As the plots of a score of recent thrillers attest, however, secret medieval manuscripts have remarkable staying power. This one resurfaced under Napoleon and was eventually returned to the monks. They reopened their monastery in a section of the French Alps so remote it's called "The Desert" and began gathering and growing their secret herbs again. To this day, "La Grande Chartreuse" - the motherhouse of the Carthusian order - is the only place in the world where the liqueur Chartreuse is made.
While I cherish Chartreuse in part for its history and its aura of secrecy and medievalism, what I really love is the taste. The aroma of Chartreuse is redolent with pine and evergreen - one sip is like a fiery blast of herb-infused green forest. Literally fiery: green Chartreuse V.E.P. is 54% alcohol, or 108 proof - which might explain something of its appeal to oblivion-seeking literati. What could be more romantic than an obscure French spirit with a 400-year pedigree, guaranteed to get you wasted in record time?
(In fact, Chartreuse may be distantly related to the notorious French liqueur absinthe. Some people speculate that Chartreuse's secret formula may include a small quantity of thujone, the psychoactive chemical in wormwood, which is the ingredient that caused absinthe to be banned in Europe and the U.S.)
Personally, I don't see how anyone could stand to drink enough Chartreuse to get seriously buzzed; like most liqueurs, it's meant for sipping, not chugging. In any case, what I value about Chartreuse has very little to do with the flesh - it's about the spirit.
The Carthusian monks who make Chartreuse are a rarity in this world - they're contemplatives. They spend most of their days alone, in their cells, quietly and privately reaching for the divine. Late at night, while the rest of the world sleeps, they walk barefoot in the dark to a small chapel, where they pray - for us.
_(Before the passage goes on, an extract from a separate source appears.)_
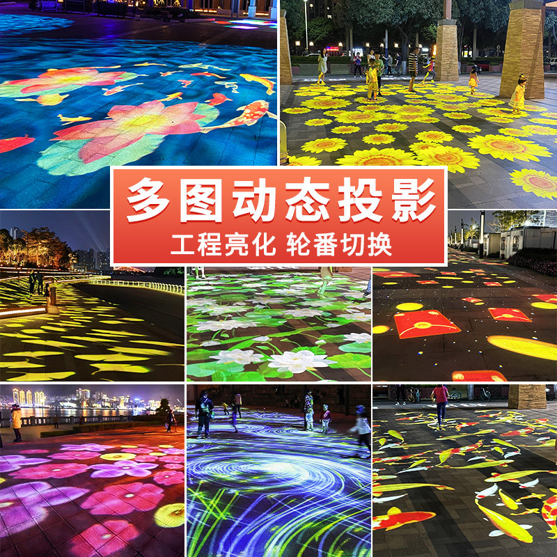 Four Photos Rotation Outdoor Net Red Brightening Park Hotel Ground Spotlight High Power Logo Advertising Light Dynamic Fish Pattern Atmosphere DMX512 Synchronous Linkage Creative Projection Light

There aren't many chances in this crazy, busy world to touch, let alone taste, something ancient and good. Chartreuse is both. I suppose that's why, over the years, it's become a key component of what I've come to think of as my own private Midwinter Mysteries practice. So here is my recipe for enjoying Chartreuse:
Wait for dark and then turn off all the lights in your house. Light some candles (or Christmas tree lights if you have a tree). Fill the room with soft Gregorian chant - anything by the Tallis Scholars or Anonymous 4 is good. Now pour yourself a tiny glass of Chartreuse. Taste its green fire. And invite winter's dark spirit of magic and mystery into your life.